An injector 21 is guided through the center of the mixing block 10, through the center of which an open passage extends. This injector extends over the greater part of the length, etc., of the combustion chamber 16 directly along its central axis. Since the injector is normally exposed to high temperature erosion effects from the hot, high velocity combustion gases in the zone, it is usually desirable to provide internal cooling of the wall surrounding passage 22 beyond the cooling provided by the injected material . In the device shown in Fig. 1, this is achieved, for example, by double concentric annular passages 25 and 26 which extend through most of the injector 21 but merge immediately before its lower end. The lower end of the injector 21 must be slightly above the beginning of the tapered section 17, so that the metal-containing

109823/1426

Compound introduced through passage 22 just prior to entry and / or during entry released in this tapered section 17 in the hot combustion gases and mixed therewith becomes * In section 17 there is an even stronger acceleration instead, until practically the speed of sound is reached in the constriction 18. The hot combustion gases are of course generated by igniting the mixture of gaseous or liquid fuel (e.g. natural gas, CO or heating oil) and oxidizing agents (e.g., air, oxygenated air, or oxygen) are formed. This mixture is as already described, with the aid of the row of nozzles 15 and 13 arranged in pairs in the underside of the mixing block 10 formed.

In Pig. 1 is also a diffuser or an expanding one Section 20 is shown immediately below the constriction 18. However, this expanding section 20 is an optional feature of the invention. This part is not necessary unless the from the constriction 18 exiting reaction mixture is intended to speeds that are significantly above Speed of sound lie. Accordingly, as in FIG. 2 indicated, the burner 11 connected to the main reaction chamber 30 have the frustoconical diffuser 20 or not. It should be noted, however, that when the diffuser 20 is used, there is another significant pressure drop in the Transition from the constriction 18 to the reaction chamber 30 takes place «As shown in Fig. 2, the main reaction chamber 30 is generally a laterally closed, inside empty tubular or cylindrical space, which at the upper end directly connects to the lower end of the burner 11 connected is. For this reaction chamber 30 there is a protective lining 31 made of refractory material or Insulating material shown, however, in many cases it is possible to have just a metal jacket or double jacket with space to be used for the circulation of a cooling medium, provided that the appropriate metal is used on the inside

109823 / U26 ' BAD ORi _GiNA

642978

is det, which resists corrosion by the constituents of the reaction mixture. At the bottom (not shown) Suitable separation systems can be installed at the end of the reaction chamber 30 be arranged as they are for the separation of the reaction products and the separation of those contained therein solid metal oxides are common and well known.
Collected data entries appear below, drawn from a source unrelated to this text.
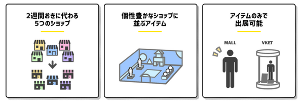 「VketMall」はエントランスホールを中心にセレクトショップと複数のコミュニケーションスペースを設けられる。セレクトショップ内には常時約100種類のアイテムが展示・出品され、2週間を1区切りとしてアイテムが全て入れ替わる。今回のプレオープンでは、前半1週間で10種類、後半1週間で10種類の、計20種類のセレクトショップを展開する。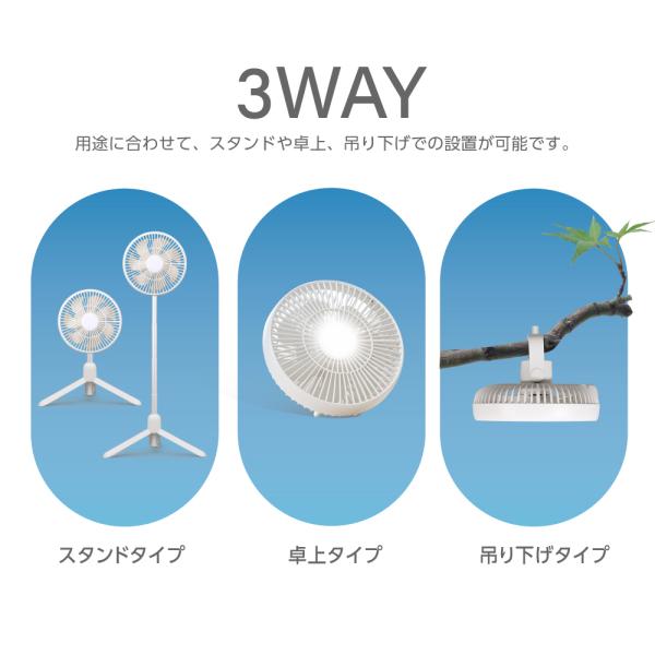 1台3役 卓上 吊り下げ スタンド 扇風機 LEDライト Type-c 充電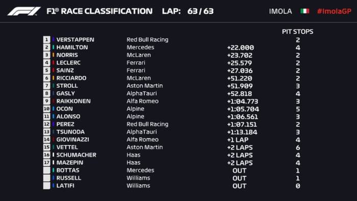 Кругов за 15 до финиша ситуация сложилась следующим образом – Ферстаппен далеко впереди, Норрис за стертых шинах сдерживал два Феррари, к которым подобрался Хэмилтон. Поочередно Льюис разобрался со всеми конкурентами – Норрис сдался всего за 3 круга до финиша.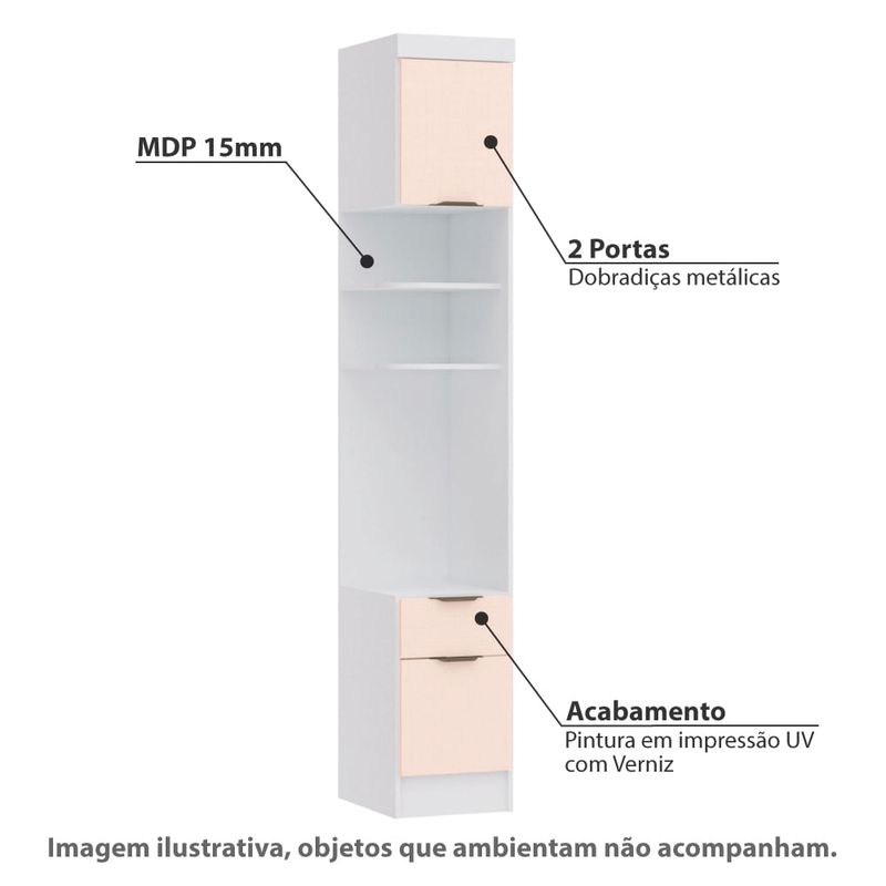 Guarda Roupa Modulado Infinity com 1 Gaveta - Branco Line/Rosa

An annular cooling jacket 24 with inlet and outlet lines 27 and 23 (or 23 ') can optionally be in the Sidewalls surrounding combustion chamber 16 and throat 18 (and section 20, if used), as in Pig. 1 shown. This is often the case with extremely high combustion temperatures occur in the burner, e.g. when using oxygen ™ or oxygen-enriched air as an oxidizing agent.

It is particularly advantageous that the gas mixer is of the generally known type which enables very high speeds of the oxidant and fuel flowing therefrom, preferably speeds approaching a Mach number of about 0.4 to about 0.6 or more. It is believed that this high velocities help to achieve excellent and rapid mixing of the gases entering the Combustion chamber enter through the mixer, and thereby a fast and almost complete combustion so- " how to achieve very high temperatures of the combustion products as they move from the gas mixer 10 through the combustion chamber 16 to the point where the metal-containing compounds at the end of the passage 22 are blown into them will. It is also useful to choose the constituents of the combustible mixture so that a combustion temperature of at least about 165O ° C is reached, including usually the use of an oxidizing agent containing more oxygen than ordinary air is required.

The experiments described in the following examples were completed to the extent shown in FIG

1QpP /

9 78

Burners in communication with furnace or combustion chamber 30 described in Pig. 2 is performed. This device had the following characteristic dimensions:
The injector 21 had an outer diameter of 9.5 mm with an inner passage 22 of approximately 1 mm inner diameter.
The outflow end of the passage 22 is approximately 19 mm above the beginning of the tapered section 17. The main combustion chamber 16 was approximately 32 mm in diameter and 114 mm in length. The constriction 18 had one
Length of 25.4 mm and a diameter of about 14 mm.
The tapered section 17 had a length of about 15 mm. The furnace or reaction chamber 30 had an internal diameter of 15.2 cm and a length of 1.83 m.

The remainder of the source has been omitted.